A few weeks ago Bryan and I were mulling over some writing ideas during an early breakfast. I was eating something unhealthy like creamed chipped beef on toast, and Bryan was eating a spinach and feta omelet. That’s just how he rolls.

We decided to guest post on each other’s blogs, and I asked if he would fill in on my blog’s regular Top Ten segment.

And of course his Top Ten was about television – The Best Ten Things About TV. I smirked at him through my computer when I realized this was his chosen topic, because he knows that my wife and I have given up TV for this year.

“Okay,” I asked, “then what should I write about?”

“Something Amish,” he said. “Aren’t you Amish? After all, you don’t watch television.”

Haha funny man.

But my grandparents were Amish, and I grew up in Lancaster County. I was away for about 15 years before moving back last November, and there are things about this place that constantly remind me I’ve returned:

+ The air smells like manure a lot here, maybe 3 days a week during the spring when all the farmers are getting their fields ready. It reminds me of my childhood. But when my 6-year old son Cade catches the odor, he pinches his nose and raises his other hand in despair, as if to question the existence of a good God, and yells, “It smells like cows’ butts!”

+ I keep running into former teachers, and even though I know their first names I still call them Mrs. or Mr. Something-or-other. This seems strange to me, and perfectly normal, both at the same time. I still feel that old fear rising that they might give me a detention, right in the middle of the supermarket.

+ I received a family reunion invitation the other day. At the bottom of the note, beside three stars it said ***no accomodation for horse-and-buggies.

+ Nearly every public place I go, I meet someone I’m related to and have never met before. Big families are the rule here, and most people don’t leave, so your left with misplaced 2nd, 3rd and 4th cousins scattered all over the county. This is the primary reason I left the area to find a spouse.

+ Only in Lancaster County have I seen unmanned roadside stands selling fruit, vegetables or flowers – you take what you want and leave the money in a basket. If you did this anywhere else people would laugh with glee at your naivete as they loaded everything, including the basket holding the money, into their car and drove away.

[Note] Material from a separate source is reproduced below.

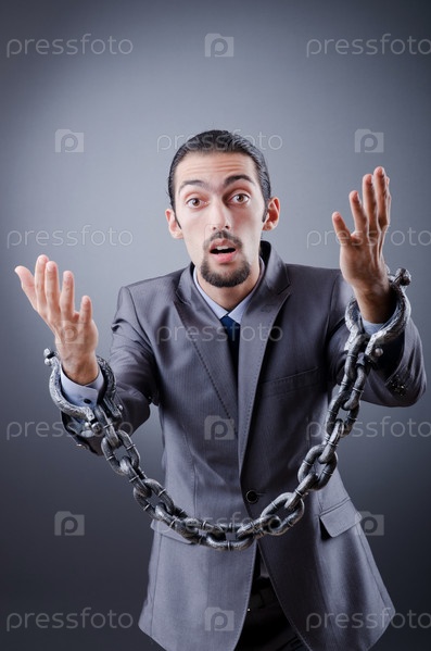 Бизнесмен в наручниках на белом фоне

+ Everyone knows that I’m a writer. This is not because I am particularly good, or that the books I wrote are best-sellers, but simply because everyone knows everyone’s business here in Lancaster. Some of these people also think that, because I wrote a few books, I must be rich – I dispel this by explaining how only recently, at the age of 33 (my current age) I moved my family of 6 into my parent’s basement.

+ The Amish are everywhere: driving their buggies, walking around the grocery, playing softball on Saturday nights. They’re even at my family reunions. I never found this remarkable when I was a kid, but now that I’ve returned I feel kind of like a tourist. Sometimes I have to fight back the urge to take pictures of them on my phone. (This is an urge Bryan does not try to fight.) Editor’s Note: New Amish blog post coming tomorrow!

+ Philadelphia Phillies fans are also everywhere, so dazed and confused by their recent World Series exploits (win, lose) that they remind me of the little finches constantly crashing into our glass deck doors, then peering strangely at the invisible barrier, heads tilted to the side. But I flew through that shadow so easily last time . . . what happened?

And with that I should stop.

Bryan and I have never talked baseball before, and who knows if our friendship could survive it.

Editor’s Note: Probably not.

You can read more from Shawn on being a full-time writer, going without TV for a year, and a lot of other stuff at his blog at ShawnSmucker.com.

Thanks Shawn!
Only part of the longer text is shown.